Merhaba Mihriban, Art50.net’te yer alan resimlerinde iki farklı seri görüyoruz. Birinde şehir hayatına, diğerinde ise güzellik kavramına odaklanıyorsun. Kısaca bu iki serinin gelişiminden bahseder misin?
Merhaba. Öncelikle iki serinin ilkinden bahsetmek isterim, çünkü birbirini takip eden ve destekleyen seriler olarak ortaya çıktılar. Resimlerimde ele aldığım konular; bugünkü kitle kültürünün insanlara sunmuş olduğu yaşam normlarını anlatıyor. Kent hayatına odaklandığım serilerimde; kent insanı, kentteki kaos, kentle birlikteki gelen hız kavramı, modern yaşam algısı, ve bunların yanı sıra tüketim kültürü, resimlerimin ana eksenini oluşturuyor. Resimlerimde endüstrinin ve tüketimin, her geçen gün geliştiği bu çağda insanların kente dair bu kavramlara git gide daha da bağımlı hale gelmelerini ve teknolojinin getirdiği sanal çevrede yaşamlarına değiniyorum. Bugün giysilerin, eşyaların, elektronik aksesuarların, teknolojinin kamusal alanlarda ve sosyal medyada benlik sunumumuzun en önemli parçaları halini alması durumunu irdelerken, marka ve popüler kültür ikonlarına bağımlılıklarımızı da gözler önüne seriyorum. Bunu anlatırken kitle kültürünün en aktif tüketicileri olan genç bireyleri resmediyorum. Diğer ele almış olduğum portre serisinde ise, yine kitle kültürünün insanlara sunmuş olduğu “sonsuz güzellik” anlayışına zıt bir kavram olan yaşlılığı koyuyorum. Bugün kültür endüstrisi (televizyonlar, gazeteler, reklamlar) insanlara sonsuz gençlik ve güzellik vaatlerinde bulunuyorlar. Botoks, yüz gerdirme, silikon, kırışıklık kremleri, saç boyası vs. Bunlar, günümüz insanını tek tip insan halini aldıran tüketim kültürü anlayışı olarak karşımıza çıkıyor. Günümüz tek tip insan modelinin karşısına, yaşlı portrelerimle sonsuz güzel olma arzusunu eleştiriyorum.

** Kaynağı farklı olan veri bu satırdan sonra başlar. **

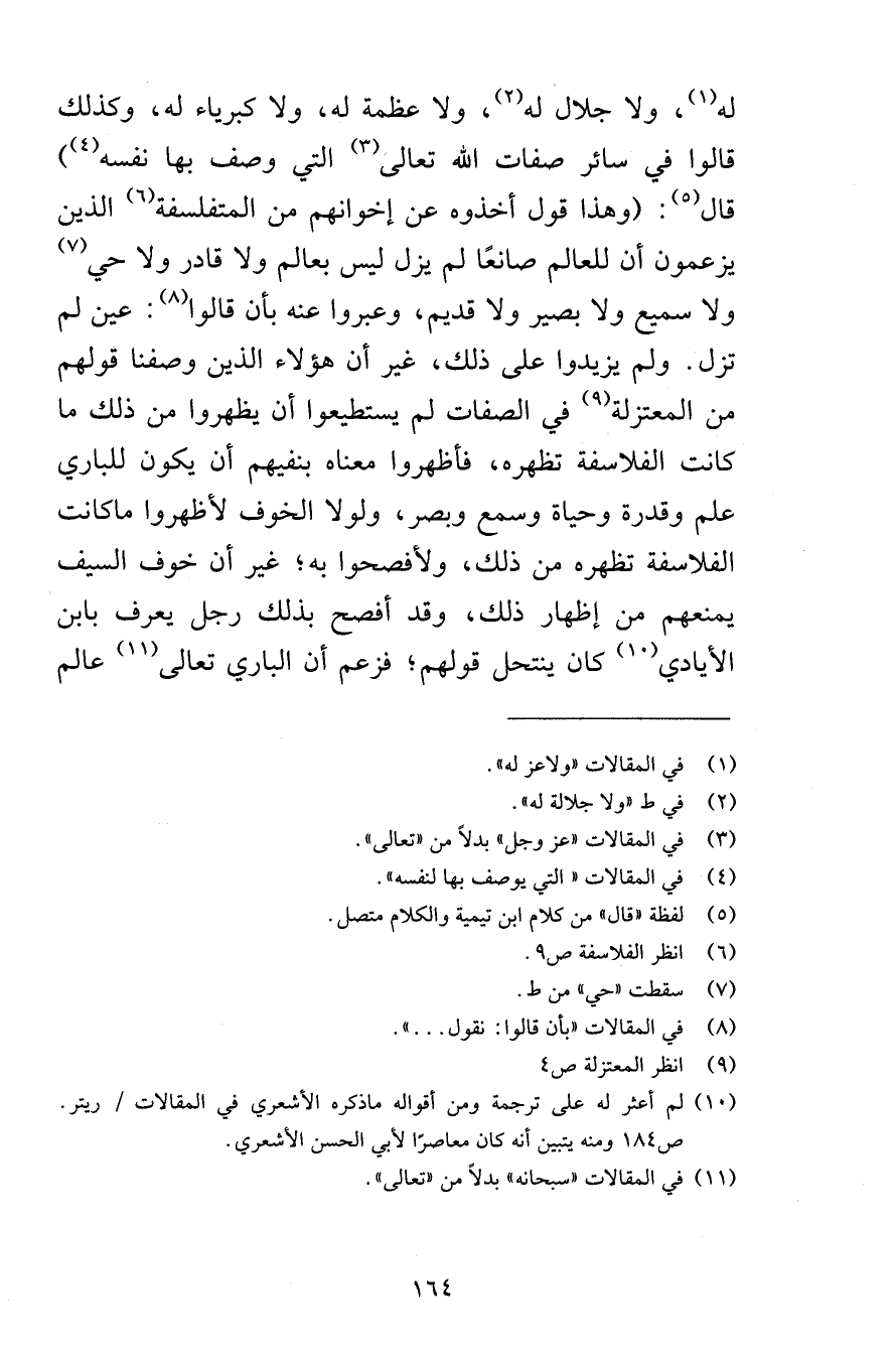له ولا جلال له ولا عظمة له ولا كبرياء له وكذلك قالوا في سائر صفات الله تعالى التي وصف بها نفسه قال وهذا قول أخذوه عن إخوانهم من المتفلسفة الذين يزعمون أن للعالم صانعًا لم يزل ليس بعالم ولا قادر ولا حي ولا سميع ولا بصير ولا قديم وعبروا عنه بأن قالوا عين لم تزل ولم يزيدوا على ذلك غير أن هؤلاء الذين وصفنا قولهم من المعتزلة في الصفات لم يستطيعوا أن يظهروا من ذلك ما كانت الفلاسفة تظهره فأظهروا معناه بنفيهم أن يكون للباري علم وقدرة وحياة وسمع وبصر ولولا الخوف لأظهروا ماكانت الفلاسفة تظهره من ذلك ولأفصحوا به غير أن خوف السيف يمنعهم من إظهار ذلك وقد أفصح بذلك رجل يعرف بابن الأيادي كان ينتحل قولهم فزعم أن الباري تعالى عالم

Tüketim kültürüne odaklandığın resimlerin daha önceye dayanıyor. Hala devam ediyor musun? Ya da tekrar geri dönecek misin? Kent resimlerinde konularını gözlemlerinden mi alıyorsun yoksa popüler kültüre ait imgeleri mi bir araya getiriyorsun?

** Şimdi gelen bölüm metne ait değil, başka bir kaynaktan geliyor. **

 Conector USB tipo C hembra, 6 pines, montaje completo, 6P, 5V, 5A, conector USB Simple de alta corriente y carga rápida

Daha önceki serimde, kent olgusu içinde bireylerin tüketime dayalı yaşam şeklini irdeliyordum. Bu çalışmalarıma zaman zaman geri dönüyorum, çünkü 20. yüzyıl kent yaşamını soluyan bir ressamım ve kitle kültürü tüketicisi olarak, o kültüre katkıda bulunmam kaçınılmaz bir durum. Kent yaşamı konulu resimlerimde, kendi çektiğim veya sosyal medya üzerinde bulduğum kent imgelerini barındıran fotoğrafları, geçmişe ait ve bilinirliğini hala sürdüren reklam görsellerini ve tüketim imgelerini bir araya getirerek kolajlar oluşturuyorum. Ardından kolajları tuval üzerine çalışırken, anlatım dilini güçlendirmek amacıyla alegorik bir dil kullanıyorum. Eski ile yeninin birbirini ötelediği, özellikle yeninin baskın bir figür olarak kendini ortaya koymaya çalıştığını konu alıyorum. Resimlerimde kent, bireyselleşme, moda, kitle kültürü, popüler kültür gibi kavramlar kimi zaman bir silüet kimi zaman ise baş aktör olarak karşımıza çıkıyor ve yaşadığımız yüzyılın beğenilerine dikkat çekiyor.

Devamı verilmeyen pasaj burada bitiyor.